Tras las nuevas amenazas del fiscal general de Estados Unidos, Jeff Sessions, de derogar políticas pro inmigrantes y quitar fondos federales a las ciudades “santuario”, el procurador general de Nueva York, Eric Schneiderman, afirmó que el gobierno de Donald Trump carece de autoridad constitucional para recortar los apoyos económicos a las jurisdicciones que se nieguen a detener y deportar a indocumentados.

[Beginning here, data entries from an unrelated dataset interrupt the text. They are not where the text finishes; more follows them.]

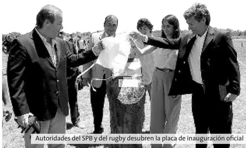
Autoridades del SPB y del rugby desubren la placa de inauguración oficial

El equipo de la Unidad 12 tiene el nombre de Coñalef , que signi-
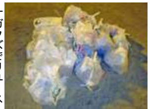
残されていたゴミ

夏まつりで使用したリユース食器を、間違っ て持ち帰られた方は、8月末頃までに学校へご 返却ください。お近くの児童にことづけていた だいても結構です。よろしくお願ひします。
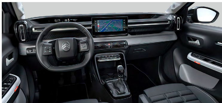
INTERIÉR METROPOLITAN GREY (NHFX)
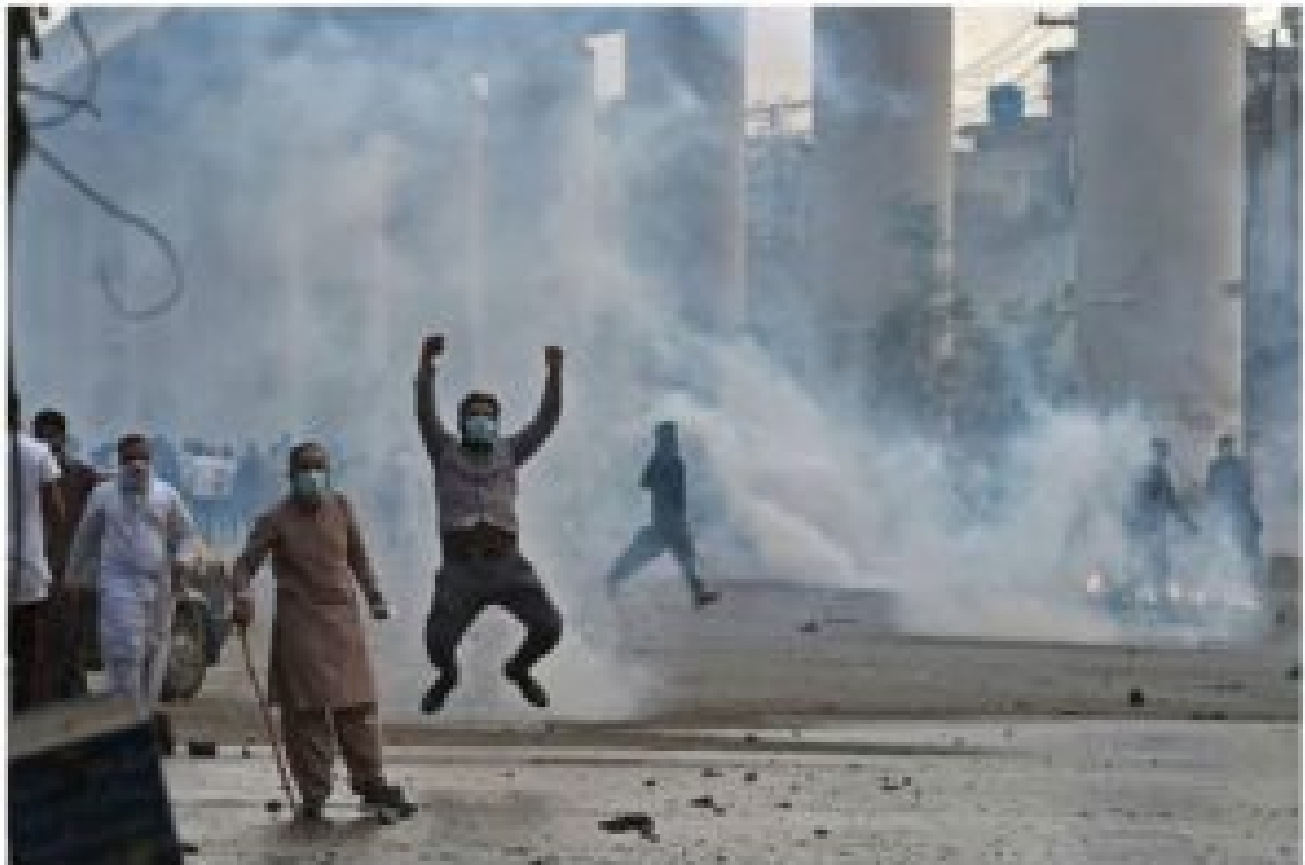
Pakistan Civil War 2021. A message was sent to all French citizens in Pakistan
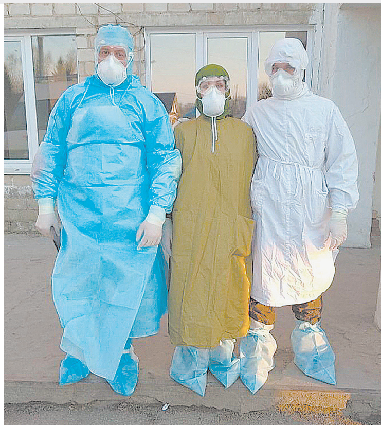
ЗМЕИНОГОРСКИЕ МЕДИКИ В НАЧАЛЕ ЭПИДЕМИИ COVID-19 Они не были обеспечены специальными защитными костюмами. Для организации безопасной работы использовались любые подручные средства.
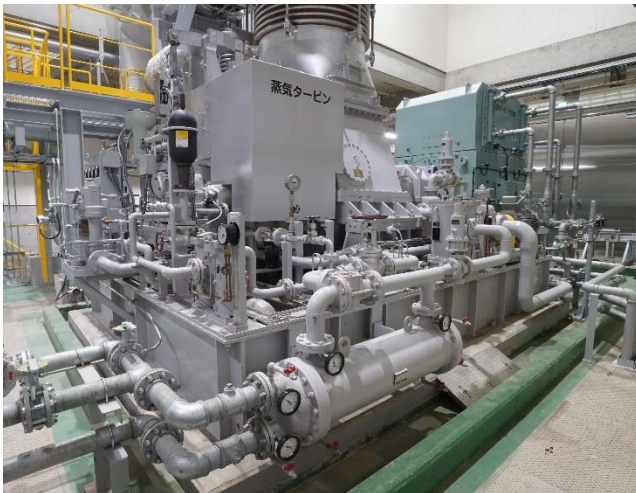
蒸気タービン発電機

（ごみの匂いが外に漏れないよう、エアカーテン、高速電動シャッターを採用しています）
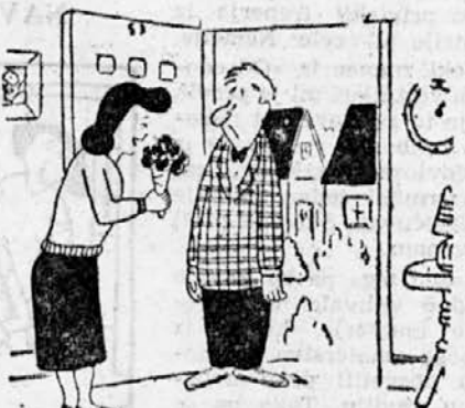
»Oh, kako so ljubke! — Ali si bil v parku?«
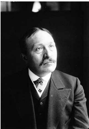
René Viviani (1863-1925), 1912 Photographie négative sur verre

Photographie argentique (Nicolas II)
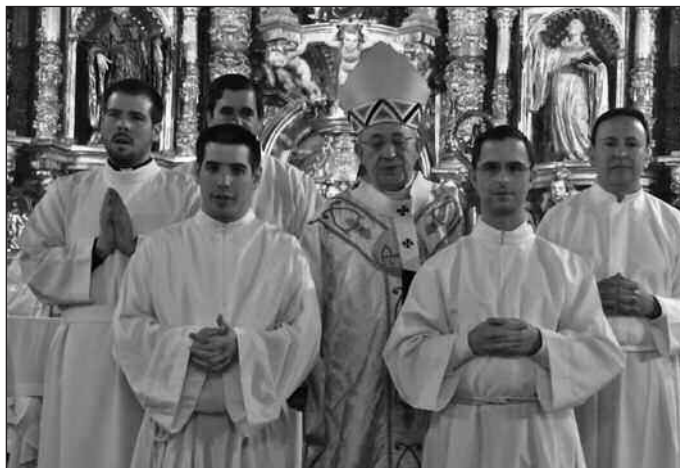
El rito de colación de ministerios tuvo lugar en la capilla del Seminario.
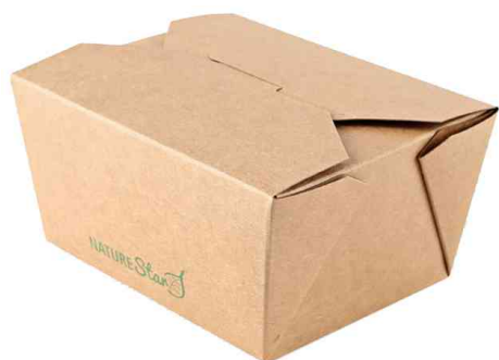
Visuel de référence : boîte à snack
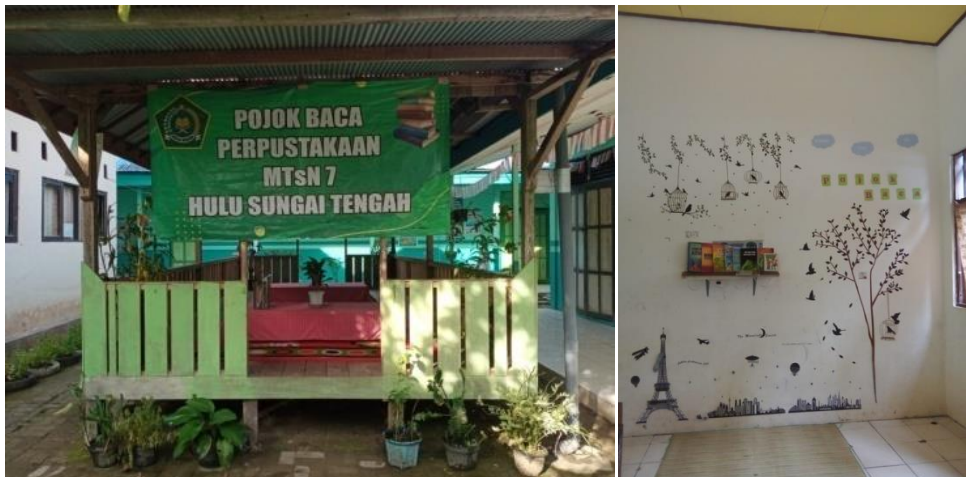
Pojok baca MTsN 7 Hulu Sungai Tengah di luar kelas dan di dalam kelas
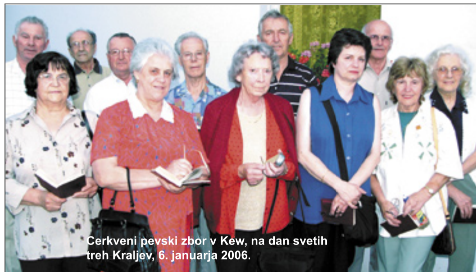
Cerkveni pevski zbor v Kew, na dan svetih treh Kraljev, 6. januarja 2006.
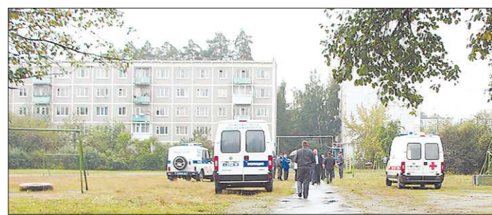
Сейчас в посёлке Малышева работает следственная группа

Неизвестный в чёрной куртке и тёмных очках нанёс ему несколько ударов монтировкой по голове. Покушение произошло рядом с гаражом, куда депутат шёл за машиной. После нападения преступник убежал в сторону леса, по пути выбросив монтировку и портфель с вещами депутата, который он взял, чтобы, возможно, симитировать попытку ограбления. Раненого председателя думы доставили в городскую больницу Асбеста, а позже перевезли в Свердловскую областную больницу № 1, где у него диагностировали перелом лобной кости черепа. Руководитель пресс-
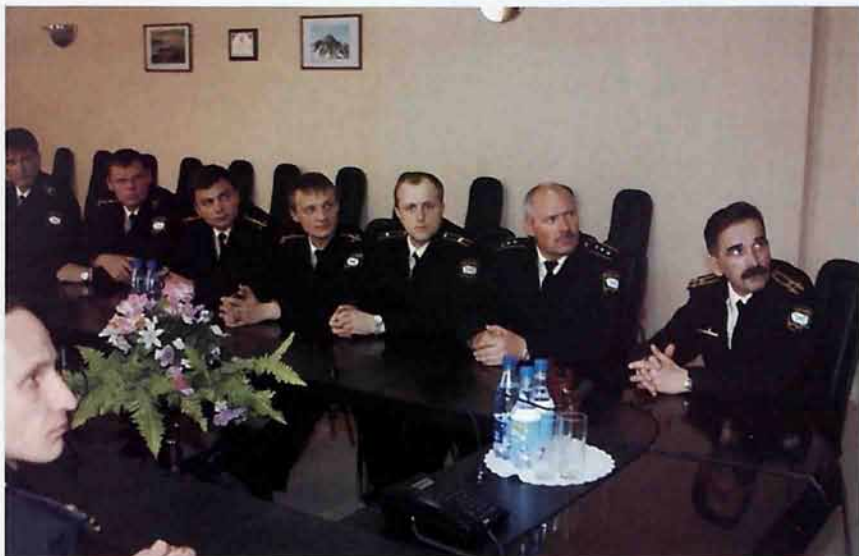
Официальный прием офицеров-подводников в Новомосковской муниципальной администрации (лето 2005 г.)

О крейсере К-407 разговор особый. Когда только устанавливались шефские связи, новомосковцы и знать не знали, что породнятся с уникальным кораблем Северного флота.
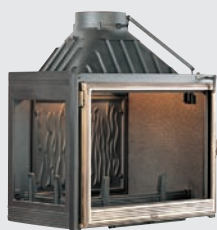
Angle droit ou gauche
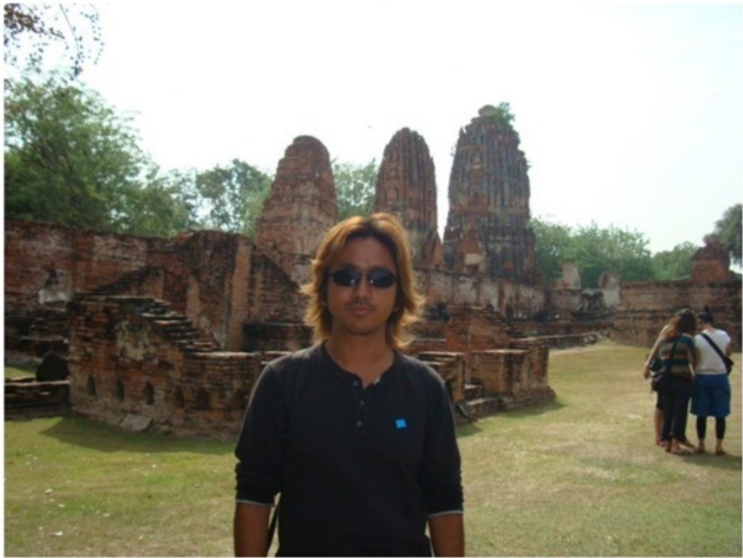
ワット・チャイ・ワッタナーラーム。
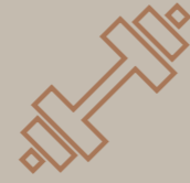
نادي رياضي GYM
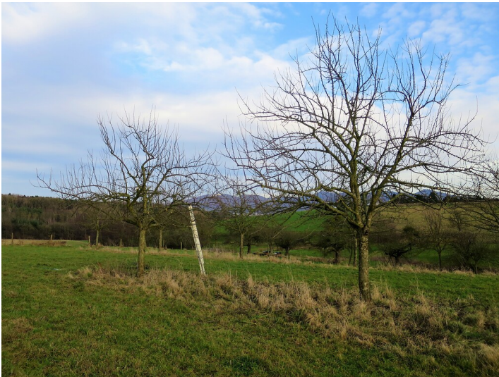
Obstwiese "Siebengebirgsblick" in Wachtberg (2018)
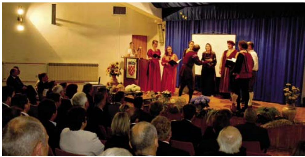
Glazbeni dio programa izveo je Renesansni ansambl Marco Polo iz Zagreba
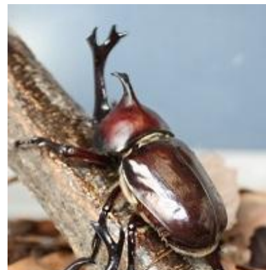
ササユリ カブトムシ
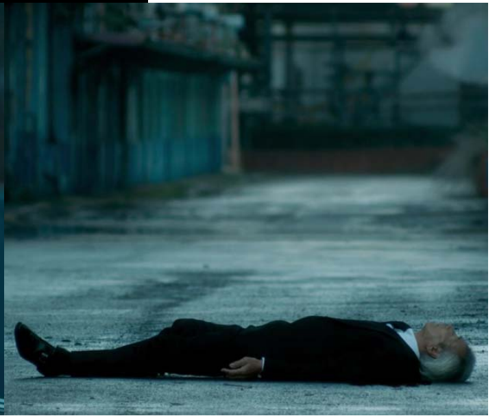
Kiyoshi, majd Akihiro halála
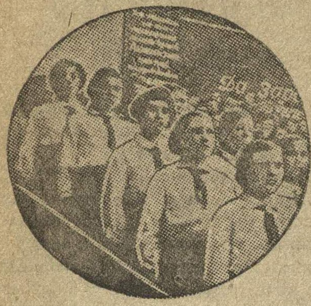
Юные пионеры приветствуют хозяев края — делегатов третьего краевого.

кадрами — основное в искусстве руководства.
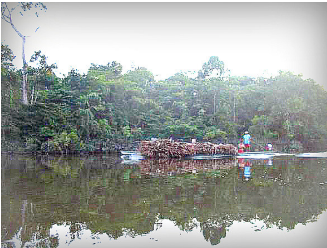
На реке Момон

Туристов в домиках на тот момент было восемь человек вместе со мной. Почти все бунгало стояли пустые. Не очень-то стремится народ в эти места, чтобы удивиться. А ведь здесь созданы максимальные условия для комфортного проживания. На окнах в домиках установлены москитные сетки, но комаров пока не встретила даже на воде. Для этого случая с собой у меня репеллент и охотничья шляпа с сеткой, но она сейчас не требовалась. Все домики для приезжих комфортно оборудованы ванными комнатами, благо воды тут немерено.
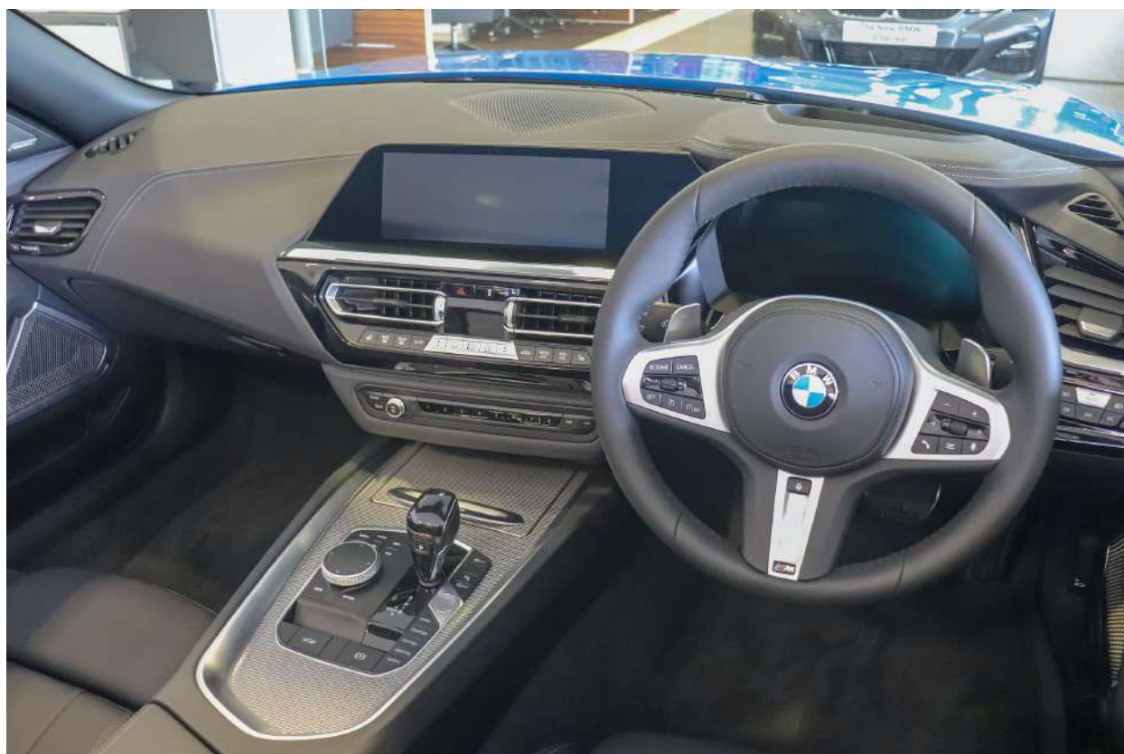
BMW Z4 G29 M40i 382 HP's Misano Blue Interior
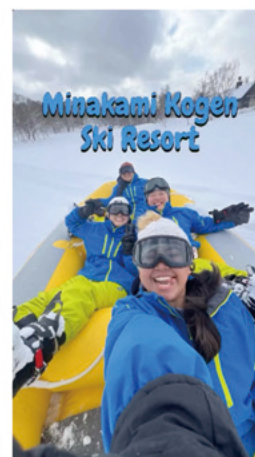
とても素敵なInstagramを投稿してくれています。是非チェックしてみてください!
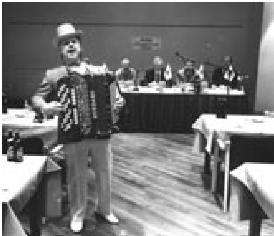
Når forskere synger en sang i offentligheden, skal de være klar over, at dommere kan snuse dem i nakken ....

En un comunicado, Schneiderman indicó que a pesar de las declaraciones de Sessions, los gobiernos estatales y locales, así como la policía, "tienen facultades bajo la Constitución para decidir no cumplir las leyes de inmigración".
"El presidente Trump carece de la autoridad constitucional para cortar los fondos a los estados y ciudades simplemente porque han actuado legalmente para proteger a las familias inmigrantes", reiteró.
Asimismo, el procurador aseguró que su oficina continuará apoyando a los gobiernos locales para que tengan las herramientas que necesitan para proteger legalmente a sus comunidades inmigrantes. "No dejaremos de luchar para derrotar a las políticas de inmigración anti-estadunidenses del presidente Trump".
Sessions, por otra parte, prometió el pasado lunes abolir las recientes políticas creadas para proteger de la deportación a los indocumentados y recortar los fondos federales si se resisten a colaborar con el gobierno. Pues según él, "estas políticas no pueden continuar. Hacen que nuestra nación sea menos segura al devolver a los criminales a la calle”.
Por ello, el fiscal general anunció que los estados que busquen subvenciones del Departamento de Justicia tendrán que demostrar que persiguen a los extranjeros que han cometido crímenes o han entrado al país de manera ilegal.
Durante su intervención, Sessions citó un informe del Departamento de Seguridad Nacional, que indica que en una semana (no determinada) hubo más de 200 instancias que se negaron a "honrar las solicitudes de detención de ICE (policía migratoria) de personas acusadas de serios crímenes, como tráfico de drogas, ofensas contra menores de edad, violaciones e incluso asesinatos”.
Pero, el líder del senado de California, Kevin de León, difiere con dicho informe y aseguró que los datos reales muestran que los “condados santuario no sólo son más seguros que las jurisdicciones comparables no-santuario, sino que también están mejor económicamente”, esto tras calificar de chantaje la declaración del fiscal general de EU.
"En lugar de hacernos más seguros, la administración del presidente Donald Trump está propagando el miedo y promoviendo un chivo expiatorio basado en la raza de la persona”, denunció.